Your editorial [June 12] on Cuban dissident Oswaldo Payá’s tragic death in a car crash in 2012 said the case is still “not closed.” The OAS report the editorial cites is riddled with problems – true – but efforts to politicize the case, to bash the Cuban government, have already gone on for 11 years.

The Spanish driver of the vehicle admitted on several occasions that he was speeding into a road construction zone, slammed on the brakes on a gravel surface, and T-boned the car into a tree. His Spanish driver’s license had been suspended because of repeated driving violations back in Spain. In his court testimony in Cuba three months after the crash – in a trial that the Spanish government characterized as “correct, clean and impeccable” – he rejected theories floated by Payá’s family that Cuban state security forced his car off the road. In a press statement, he asked the “international community” to stop using his case “for political purposes.” Upon his return to Spain to serve his prison term, the Spanish government and courts yet again validated the Cuban court’s finding.

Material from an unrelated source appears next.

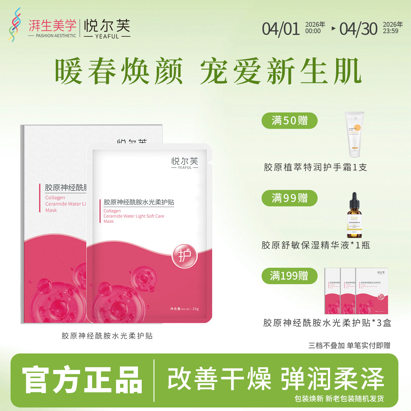 悦尔芙胶原蛋白神经酰胺维稳屏障舒护春敏水光面膜补水保湿贴

The OAS report chastised the Cuban government for not participating in its hearings – a silly point because Havana’s OAS membership was suspended 60 years ago. It did not use information from the investigation that Cuba publicly released in 2012, nor foreign press reports on the trial. It ignored that all of the physical evidence supports the driver’s admission of responsibility; the damage to the vehicle itself shows the crash occurred at a very high speed – much higher than bumping by another car could have caused and much higher than construction-zone signage permitted.

The National Endowment for Democracy (NED), which funds political activities like those of Payá and his colleagues, has championed the Payá family’s claim that the Cuban government “killed” Payá. But neither NED nor the family has ever provided evidence to counter the driver and eye-witnesses’ statements. The NED is not in a position to judge how the crash occurred but perhaps should apologize to Payá’s family for its role in the operations he was conducting and let the case close.

NOTE: Photos of the car are in the public domain.  I’m happy to provide.